Aim of the exercise ▸
Only an exact repeat of the listing, without its images, counts as the answer.

Data extract ▸
○ ○ ○ ○

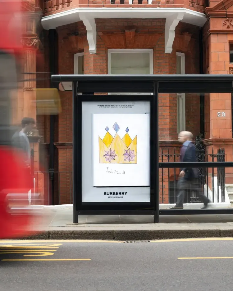 此外,儿童公益也是博柏利此次白金禧庆祝活动的着眼点,博柏利请来孩子们为女王创作,并在威斯敏斯特自治市多达80多个公交站投放了这些儿童绘画作品,用英国下一代创作者的灵感为女王庆祝。
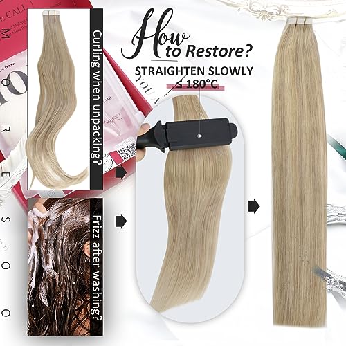 Moresoo 16 Pollice Extension Capelli Veri Biadesivo Platino Blondo 40cm 50g Extension Biadesive Capelli Veri Biadesivo Extension Adesive Biondo Cenere con Biondo Candeggina #P18/613 20pcs
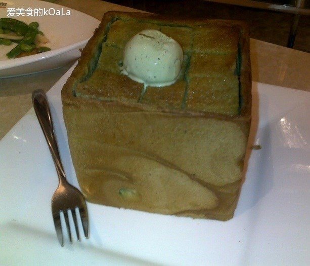所谓幻彩就是有好几种口味~我不喜欢草莓,姐姐不喜欢巧克力,那只剩下香草和抹茶的了,香草吃多了,毋庸置疑地选择了抹茶,这是个正确的决定!很好吃~整个厚多士就是抹茶味的,再配上一个抹茶味的冰激凌球,赞~但我觉得如果是抹茶味的厚多士配一个香草的冰激凌球应该会更好吃吧~

○ ○ ○ ○

Task solution ▸
 此外,儿童公益也是博柏利此次白金禧庆祝活动的着眼点,博柏利请来孩子们为女王创作,并在威斯敏斯特自治市多达80多个公交站投放了这些儿童绘画作品,用英国下一代创作者的灵感为女王庆祝。
 Moresoo 16 Pollice Extension Capelli Veri Biadesivo Platino Blondo 40cm 50g Extension Biadesive Capelli Veri Biadesivo Extension Adesive Biondo Cenere con Biondo Candeggina #P18/613 20pcs
所谓幻彩就是有好几种口味~我不喜欢草莓,姐姐不喜欢巧克力,那只剩下香草和抹茶的了,香草吃多了,毋庸置疑地选择了抹茶,这是个正确的决定!很好吃~整个厚多士就是抹茶味的,再配上一个抹茶味的冰激凌球,赞~但我觉得如果是抹茶味的厚多士配一个香草的冰激凌球应该会更好吃吧~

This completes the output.